Der CFDA-AM-Assay ist ein fluorometrischer Zellviabilitätstest, der auf der Retention von 5-Carboxyfluorescein-Diacetat-Acetoxymethylester (CFDA-AM)15 basiert. 5-CFDA-AM, ein Esterasesubstrat, wird in Carboxyfluorescein umgewandelt, eine fluoreszierende Substanz, die polar und durch Membranen lebender Zellen nicht durchlässig ist15; Somit wird es in der Innenseite einer intakten Zellmembran zurückgehalten, was auf lebensfähige Zellen hinweist.

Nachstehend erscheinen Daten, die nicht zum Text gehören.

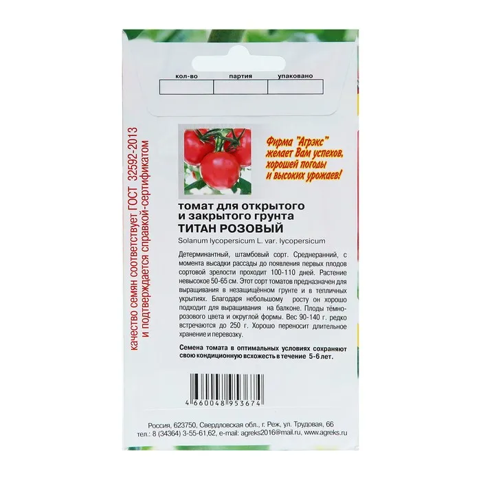 Семена Томат "Титан розовый", 20 шт — Характеристики
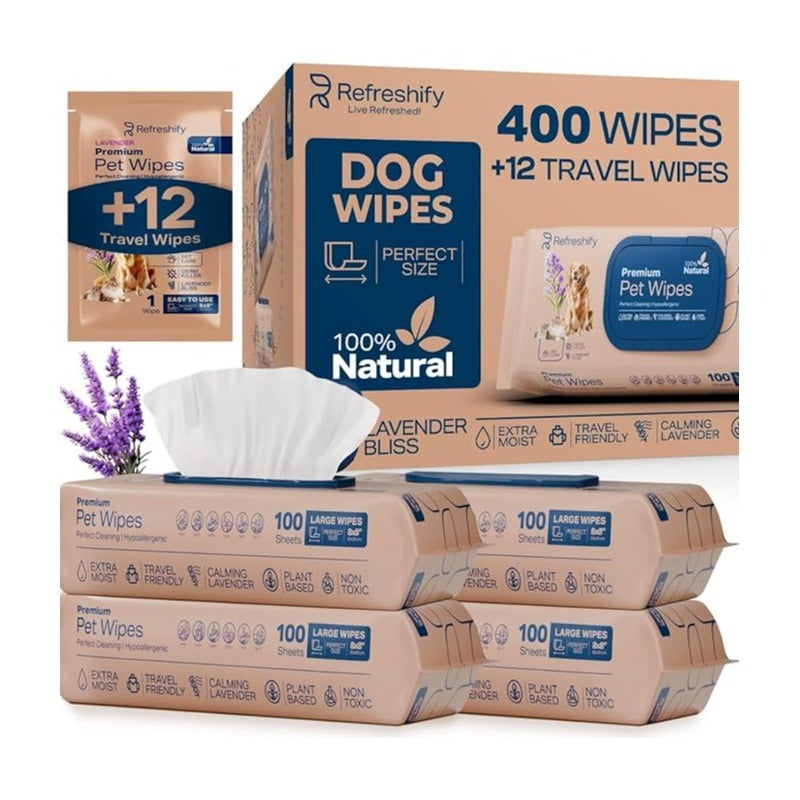 Introducing our Pet Wipes for Dogs and Cats - a comprehensive 400 pack of premium dog wipes, designed for every furry friend in your family. Each wipe is infused with the soothing scent of lavender, making cleanup a delightful experience for both you and your pet!

Kürzlich wurden drei Zytotoxizitätstests (CFDA-AM-, NR- und AB-Assays) in einer validierten ISO-Richtlinie (International Organization for Standardization) (ISO 21115:2019)16 und einer OECD-Testmethode (OECD TG 249) kombiniert, um die akute Toxizität von Fischen unter Verwendung der RTgill-W1-Zelllinie (permanente Zelllinie aus der Kieme der Regenbogenforelle [Oncorhynchus mykiss]) in 24-Well-Plattenzu bewerten 17 . Obwohl es eine bestehende zellbasierte Methode zur Vorhersage der akuten Toxizität von Fischen gibt, wurden Anstrengungen unternommen, um ähnliche Methoden mit anderen Fischarten zu entwickeln und den Durchsatz der Methode zu erhöhen. Einige Beispiele umfassen die Entwicklung von ZFL-Zelllinien, die mit Reportergenen für spezifische Toxizitätswege18,19 transfiziert wurden, Phototoxizitätstests in der RTgill-W1-Zelllinie 20 und die Verwendung von ZFL- und ZF4-Zelllinien (Zebrafisch-Fibroblasten, die aus 1 Tag alten Embryonen gewonnen wurden) zur Bewertung der Toxizität durch mehrere Zytotoxizitätstests21.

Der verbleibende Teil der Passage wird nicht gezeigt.